SEO poisoning

From research, what appears to be happening: The below search engine poisoning attack tree can be used for feature extraction.

Attack tree

1 Set up branching logic (usually PHP script) (AND)
    1.1 Identify crawlers (OR)
        1.1.1 Query IP of page request ($_SERVER['REMOTE_ADDR']) and compare against usual 
        search engine IP ranges) (OR)
        1.1.2 Check user-agent string ($_SERVER['HTTP_USER_AGENT']) to flag requests from 
        crawlers that use identifying strings
    1.2 Identify users 
        1.2.1 Check referrer ($_SERVER['HTTP_REFERER']) against a list of strings used by 
        search engines (OR)
        1.2.2 Check the referrer URL for multiple occurrences of & (field value pair delimiters)
2 Get and select keywords and topical phrases (AND)
    2.1 Fetch and select latest keywords from
        2.1.1 C&C server (less resilient) (OR)
        2.1.2 Google Trends (OR)
        2.1.3 Other sources
    2.2 Optional: Log information about page requests received to monitor requests (for 
    fine-tuning and improvements)
        2.2.1 Keywords user arrived by
        2.2.2 Timestamp
        2.2.3 User agent string
        2.2.4 Referrer string
        2.2.5 IP from which page request is received
    2.3 Download search engine results (AND)
        2.3.1 PHP client URL library (OR)
        2.3.2 cURL (OR)
        2.3.3 fsockopen()
    2.4 Extract meta content from the downloaded pages (using regular expressions) (AND)
    2.5 Optional: Boost page ranking
        2.5.1 Get links of other SEO pages
   Same server
   Related servers 
        2.5.2 Intersperse extracted meta content with links to other SEO pages, random time/dates, 
        images, video content
3 Page generation (AND)
    3.1 Same page for crawlers and users (OR)
        3.1.1 Generate page
        3.1.2 Redirect
   Redirect by active content embedded in page (OR)
   Only load additional active content in page if request is from a user 
       JavaScript (OR)
       ActionScript in embedded Flash (navigateToURL( new URLRequest("*yourpage*"), "_self");) (OR)
       Another way of redirecting using active content 
    3.2 Different pages for user and crawler
        3.2.1 Generate SEO page for crawlers (AND)
   Static HTML (OR)
   Dynamic generation (OR)
   SEO related sub-domains
        3.2.2 Redirect users (a few times)
   Server-side scripting with PHP header() (OR)
   Apache HTTP Server mod_alias
   Apache HTTP Server mod_rewrite (redirecting requests to a canonical domain name) (OR)
   Nginx rewrite (OR)
   Refresh Meta tag in document (add anchor in the “body” section for users whose browsers do not support this feature) (OR)
   HTTP refresh header in a perl or python script (OR)
   JavaScript (OR)
   Another way of redirecting
4 Landing page
    4.1 Adult and pornographic websites (OR)
    4.2 Internet services sites (advertising campaign) (OR)
    4.3 Politics and religion (on a mission) (OR)
    4.4 Exploit servers 
        4.4.1 Redirection chain to a final landing page with malware payloads
        4.4.2 Redirection to a MaaS (Malware-as-a-Service) platform which starts a redirection 
        chain leading to final landing page


The phrase search engine optimization poisoning (SEO poisoning) is in use to describe one of two types of activities:

  • Black hat SEO techniques used to achieve high search engine ranking, usually (but not only) to attack visitors. The techniques often involve content spamming, (all sorts of) link spamming, cloaking, doorway pages and redirection. These attacks often follow trending search terms. For example during natural disasters, when attackers attempt to have victims send monetary aid to fake accounts or during major political campaigns and other major world events. If its intent is malicious, the attacker aims to install malware such as trojans, attack the user’s machine, or trick the user into providing sensitive data (see attack tree).

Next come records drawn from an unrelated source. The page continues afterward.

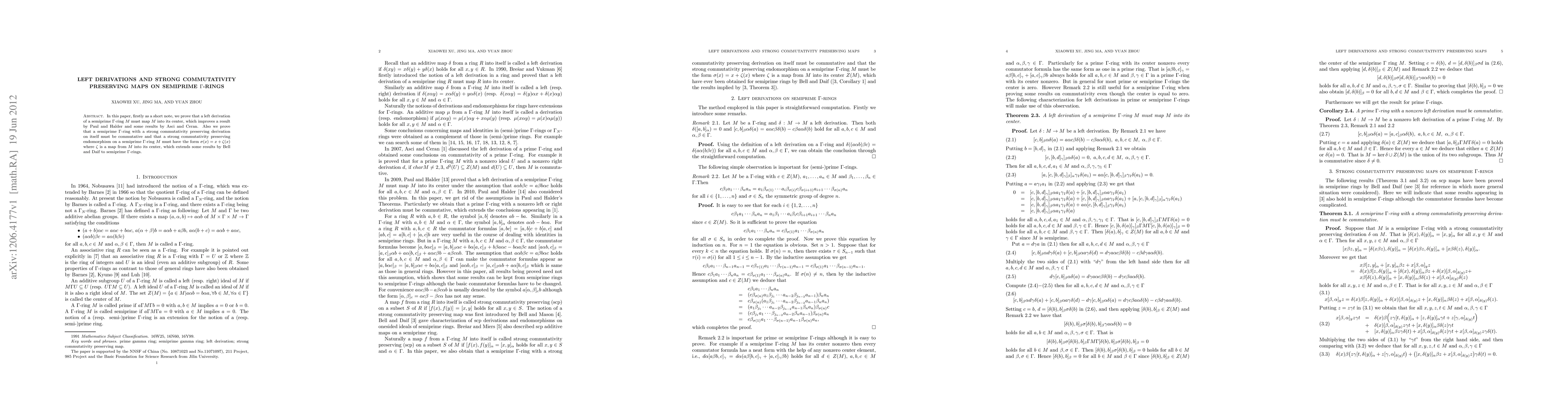In this paper, firstly as a short note, we prove that a left derivation of a semiprime $\Gamma$-ring $M$ must map $M$ into its center, which improves a result by Paul and Halder and some results by Asci and Ceran. Also we prove that a semiprime $\Gamma$-ring with a strong commutativity preserving derivation on itself must be commutative and that a strong commutativity preserving endomorphism on a semiprime $\Gamma$-ring $M$ must have the form $\sigma(x)=x+\zeta(x)$ where $\zeta$ is a map from $M$ into its center, which extends some results by Bell and Daif to semiprime $\Gamma$-rings.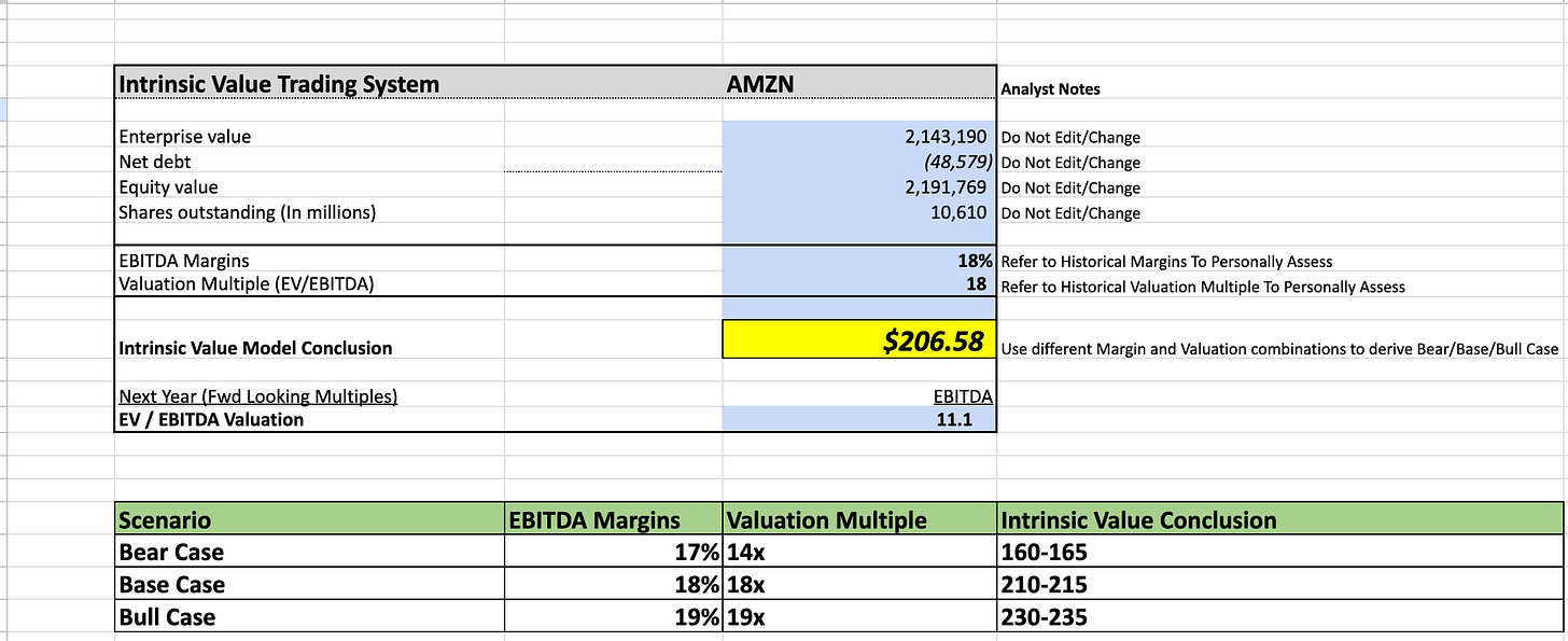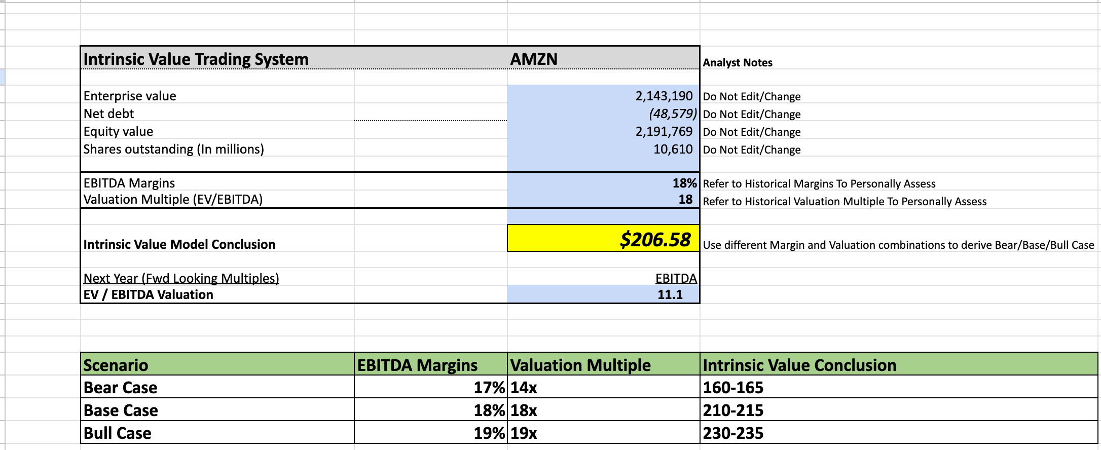 Leading up to this earnings season - Notice below that our DCF Bull Case for Apple was 210-215. Notice that the Bull Case for Amazon was 230-235.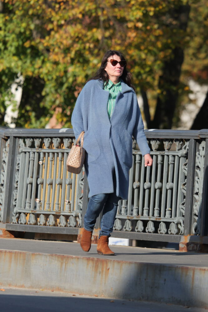 Dailiai prigludęs mėlynas paltas-megztinis derinamas su džinsais ir rudeniniais aulinukais – subtilus, šiltas ir jaukus miesto įvaizdis. Žalsvai dryžuoti marškiniai po paltu suteikia įvaizdžiui ryškesnę dinamiką – puikus pasirinkimas toms, kurios nori išlikti pastebimos, bet ne rėkiančios.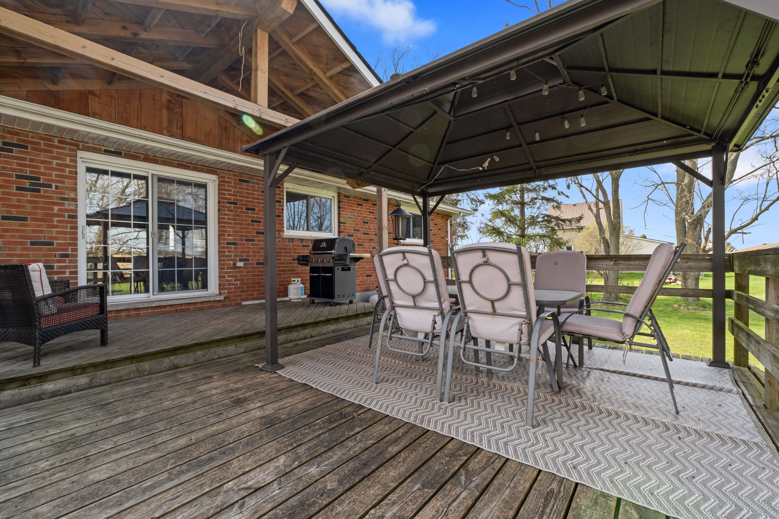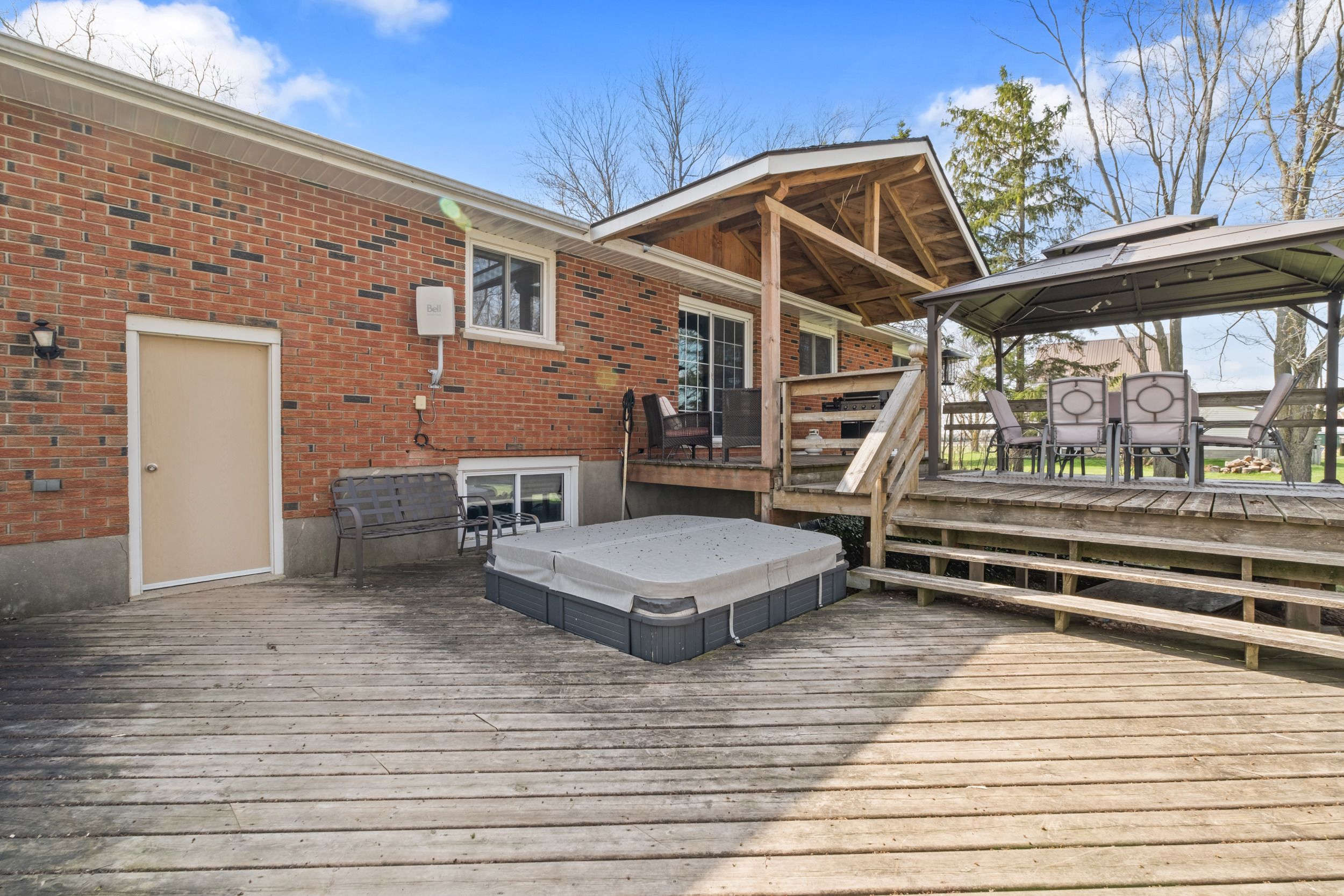• Backyard retreat with oversized deck, hot tub, and gazebo for entertaining.

  • Exploiting typical web vulnerabilities on existing high-ranking web pages and using them to spread malware. If, for example, a high-ranking web page has a stored XSS vulnerability, the code may either directly attempt to spread malware or redirect the user to a different site (using redirection like used in black hat SEO).

Any search engine software can expect the same search fraud problem as on the internet with similar impacts.

  • Spam web pages will need to be weeded out from the index.

  • Combating spam is intertwined with search engine poisoning as that attack uses SEO fraud techniques.